The CSV file is loaded once during processor initialization. If the file changes, the collector must be restarted to reload the updated CSV data. For setting up the shared path mount using EFS, see the EFS Volume Setup section below.

EFS Volume Setup for Sawmills Collector

This guide explains how to configure EFS (Elastic File System) volume mounts for the Sawmills Collector using the remote-operator Helm chart.

Overview

The Lookup Processor requires access to lookup files stored on an EFS volume.
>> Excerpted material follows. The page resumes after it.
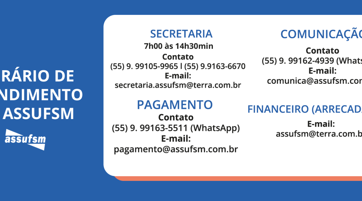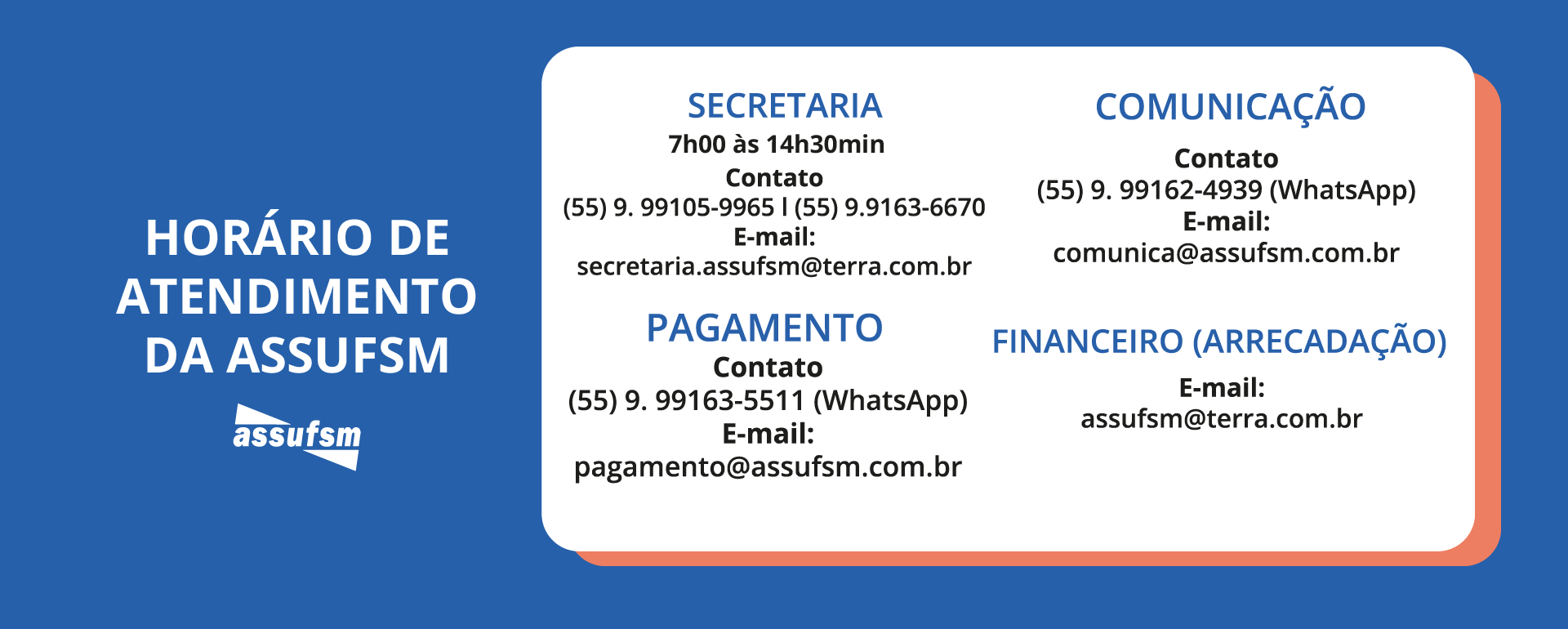 A secretaria responde também através dos contatos (55)9.9105-9965; (55)9.9163-6670; (55)3220-8123 e (55)3220-8385, além do e-mail secretaria.assufsm@terra.com.br.

This setup mounts the EFS filesystem to /mnt/efs in the collector pods.

Prerequisites

Before installing the Helm chart with EFS support, you must create the StorageClass and PersistentVolumeClaim in your cluster.

1. Create the StorageClass

kubectl apply -f - <<EOF
apiVersion: storage.k8s.io/v1
kind: StorageClass
metadata:
  name: efs-rwx-enrichment-sawmills
provisioner: efs.csi.aws.com
parameters:
  provisioningMode: efs-ap
  fileSystemId: fs-xxxxxxxx
  basePath: "/k8s/sawmills-production-enrichment"
  directoryPerms: "0777"
reclaimPolicy: Delete
volumeBindingMode: Immediate
EOF

Note: Replace fileSystemId with your actual EFS filesystem ID.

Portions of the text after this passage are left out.